◆ **WORK INSTRUCTION**:
Up to and including the line that contains "Ein sehr gutes", write out each line of the material from its first line, exactly.

(SUPPLIED MATERIAL begins)

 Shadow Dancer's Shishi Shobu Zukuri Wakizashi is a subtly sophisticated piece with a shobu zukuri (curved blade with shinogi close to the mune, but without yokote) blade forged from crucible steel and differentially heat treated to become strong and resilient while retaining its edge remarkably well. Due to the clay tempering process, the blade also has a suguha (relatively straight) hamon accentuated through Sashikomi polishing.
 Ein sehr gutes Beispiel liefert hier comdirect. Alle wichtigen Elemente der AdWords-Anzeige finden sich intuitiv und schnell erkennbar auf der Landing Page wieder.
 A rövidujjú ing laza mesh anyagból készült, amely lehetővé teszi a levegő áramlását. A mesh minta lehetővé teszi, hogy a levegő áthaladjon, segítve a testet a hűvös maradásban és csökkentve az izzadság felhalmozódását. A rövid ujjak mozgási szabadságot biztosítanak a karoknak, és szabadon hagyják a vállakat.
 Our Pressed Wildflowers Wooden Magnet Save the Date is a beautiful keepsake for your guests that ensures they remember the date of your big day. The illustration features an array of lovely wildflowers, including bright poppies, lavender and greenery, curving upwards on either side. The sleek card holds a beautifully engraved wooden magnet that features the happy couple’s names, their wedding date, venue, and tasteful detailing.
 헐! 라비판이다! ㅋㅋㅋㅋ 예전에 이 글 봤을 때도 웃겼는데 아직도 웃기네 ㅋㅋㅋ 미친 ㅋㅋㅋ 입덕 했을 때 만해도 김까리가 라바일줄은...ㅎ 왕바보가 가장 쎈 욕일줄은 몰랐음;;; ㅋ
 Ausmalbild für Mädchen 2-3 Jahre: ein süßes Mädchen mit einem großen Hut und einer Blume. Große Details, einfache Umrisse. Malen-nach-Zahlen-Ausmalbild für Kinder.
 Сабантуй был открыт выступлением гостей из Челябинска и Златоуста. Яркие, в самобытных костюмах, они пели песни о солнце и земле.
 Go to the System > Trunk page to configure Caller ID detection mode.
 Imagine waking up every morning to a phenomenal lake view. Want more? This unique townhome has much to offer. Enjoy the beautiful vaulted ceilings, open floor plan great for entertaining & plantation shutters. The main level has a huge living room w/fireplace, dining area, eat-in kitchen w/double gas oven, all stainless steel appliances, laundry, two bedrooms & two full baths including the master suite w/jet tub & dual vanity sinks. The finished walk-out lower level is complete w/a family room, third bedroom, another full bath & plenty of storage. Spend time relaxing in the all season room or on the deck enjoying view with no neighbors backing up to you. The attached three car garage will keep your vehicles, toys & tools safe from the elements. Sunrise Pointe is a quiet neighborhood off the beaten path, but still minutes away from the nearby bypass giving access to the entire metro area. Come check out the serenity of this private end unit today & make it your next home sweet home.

(SUPPLIED MATERIAL ends)

◆ **ANSWER SECTION**:
 Shadow Dancer's Shishi Shobu Zukuri Wakizashi is a subtly sophisticated piece with a shobu zukuri (curved blade with shinogi close to the mune, but without yokote) blade forged from crucible steel and differentially heat treated to become strong and resilient while retaining its edge remarkably well. Due to the clay tempering process, the blade also has a suguha (relatively straight) hamon accentuated through Sashikomi polishing.
 Ein sehr gutes Beispiel liefert hier comdirect. Alle wichtigen Elemente der AdWords-Anzeige finden sich intuitiv und schnell erkennbar auf der Landing Page wieder.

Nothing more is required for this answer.